The integration industry has spent the last several years focusing on creating new AV transport technologies, says Kennington. “AV over IP enables us to be more flexible. You don’t have to have dedicated cables. We wanted to standardize on a set of performance requirements for AV over IP.”
More about the technology from SDVoE’s website:
As the AV industry inevitably transitions to AV-over-IP solutions, simple AV switching and signal distribution are commoditized by the ultimate bit-moving technology – Ethernet. So where will AV manufacturers add value? Creating powerful endpoint signal processors and software applications are key. Endpoints that convert between AV signals (HDMI) and Ethernet may contain processing engines that reformat and reconstruct audio and video signals (scaling to a display, establishing a video wall, downmixing audio, etc.). The software that creates user experiences by managing those endpoints is the other area ripe for innovation.

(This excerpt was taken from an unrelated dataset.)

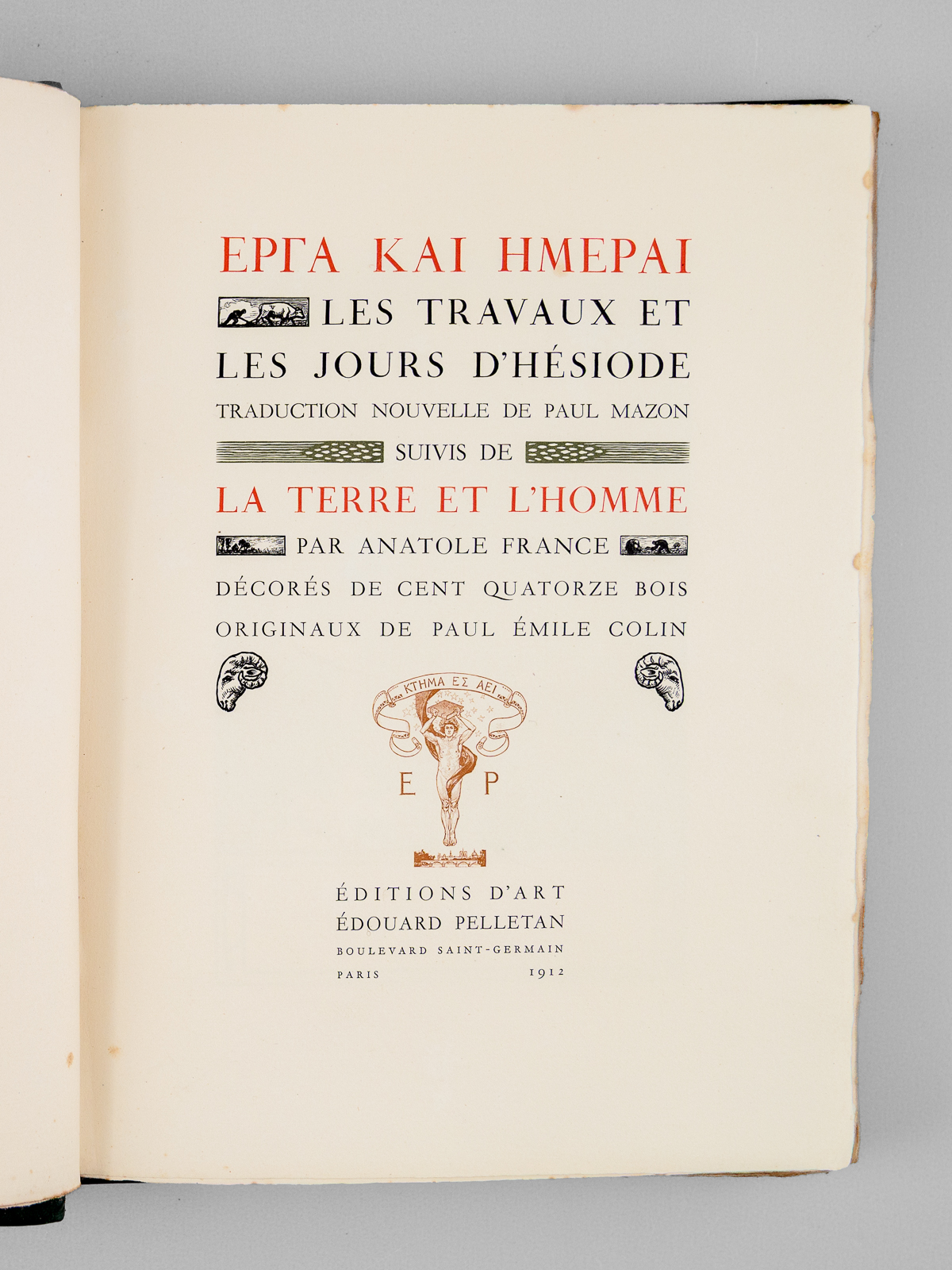Les Travaux et les Jours d'Hésiode. Traduction nouvelle de Paul Mazon suivie de La Terre et l'Homme par Anatole France. - Auteur: HESIODE ; COLIN, Paul Emile ; FRANCE, Anatole ; MAZON, Paul - Année d'édition: 1912

SDVoE technology is the standardized interface between endpoints and software. It provides the momentum to create new classes of applications. By eliminating the bulky matrix switch, which is so costly to develop, the barrier to market entry is dramatically lowered. New players will enter and create applications for broad adoption, as well as for specialized niches not addressable with hardware-based solutions.
SDVoE technology is:
- The most widely adopted networked AV standard in the industry, delivering HDMI over Ethernet with zero latency
- The only turnkey solution for zero-latency AV over IP available to AV equipment manufacturers
- Complete with an API that allows OEM software to define a wide range of AV applications
The SDVoE Alliance will officially debut at Integrated Systems Europe 2017 with free training available.